Is it still deception if we ask to be fooled?
    In a world increasingly defined by transparency and authenticity, it seems counterintuitive that we still flock to illusions. From the hyper-staged photos of social media to immersive art installations, we don’t just tolerate being tricked—we welcome it. But this paradox is not new. The Baroque era, with all its swirling excess, golden embellishments, and masterful trompe-l’oeil, thrived on visual deception. The question, then, is not whether Baroque art deceived its audience—but whether its audience wanted to be deceived. And if so, can we still call it deception?
Baroque art was never subtle about its intentions. It was a style born of drama and grandeur, designed to awe, seduce, and even manipulate.

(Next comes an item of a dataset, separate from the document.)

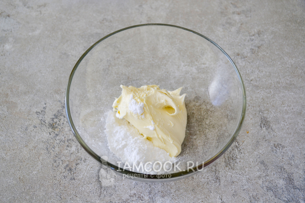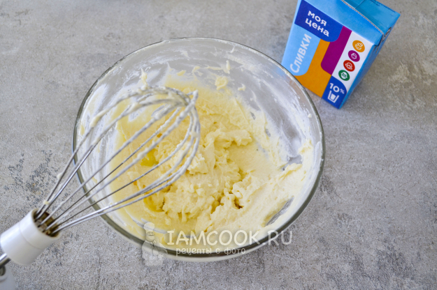 Взбейте сливки с сахарной пудрой. У меня оказались очень густые фермерские сливки, поэтому добавила немного сливок 10% жирности, чтобы взбитая масса получилась более нежной и воздушной.

It bent light, played with scale, and framed its subjects with a theatrical flourish. Churches became stage sets for divine epiphanies; ceilings opened to heavens painted with impossible depth; sculptures twisted with exaggerated emotion. This wasn’t truth—it was heightened reality. And yet, the crowds were not repelled. They were captivated. Moved. Converted.
This complicity is key. Baroque art didn’t just deceive—it performed. And its audience played along. Much like in theatre, we suspend disbelief, not out of naivety but desire. We want the illusion because it reveals something emotional, something affective, that pure truth might not. The painting knows it's a trick. You know it's a trick. And still, something inside you leans forward. You don’t feel lied to—you feel seen.

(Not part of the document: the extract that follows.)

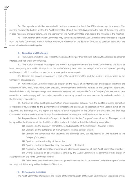 8.2 The Audit Committee must report the internal audit performance of the Audit Committee to the Board at

Fast forward to today, and the dynamics haven’t changed much. Our digital world is full of curated realities. Filters, avatars, cinematic storytelling, AI-generated beauty—all crafted illusions that we consume daily. We know they aren’t real. We engage with them anyway. Is that deception, or a form of emotional choreography we’ve collectively agreed to? Like Baroque viewers under a frescoed dome, we aren’t being fooled against our will. We are co-conspirators in the illusion.
But maybe the question isn’t whether we’re being fooled—it’s why we want to be. Illusion offers shelter. It allows complexity to be shaped into beauty, chaos into composition. Deception, in the artistic sense, becomes not a lie, but a lens. A filter for the soul.
So: is it still deception if we ask to be fooled? Perhaps not. Perhaps it's something else entirely—a pact. An aesthetic agreement between creator and viewer: I will build the illusion, and you will meet me halfway. Not to obscure the truth, but to feel it more deeply.
In that sense, Baroque art may not be a relic of past excess, but a blueprint for modern spectatorship. It reminds us that not all truths are told plainly—and not all lies are meant to mislead. Sometimes, the most honest thing we can do is to embrace the beautiful fiction.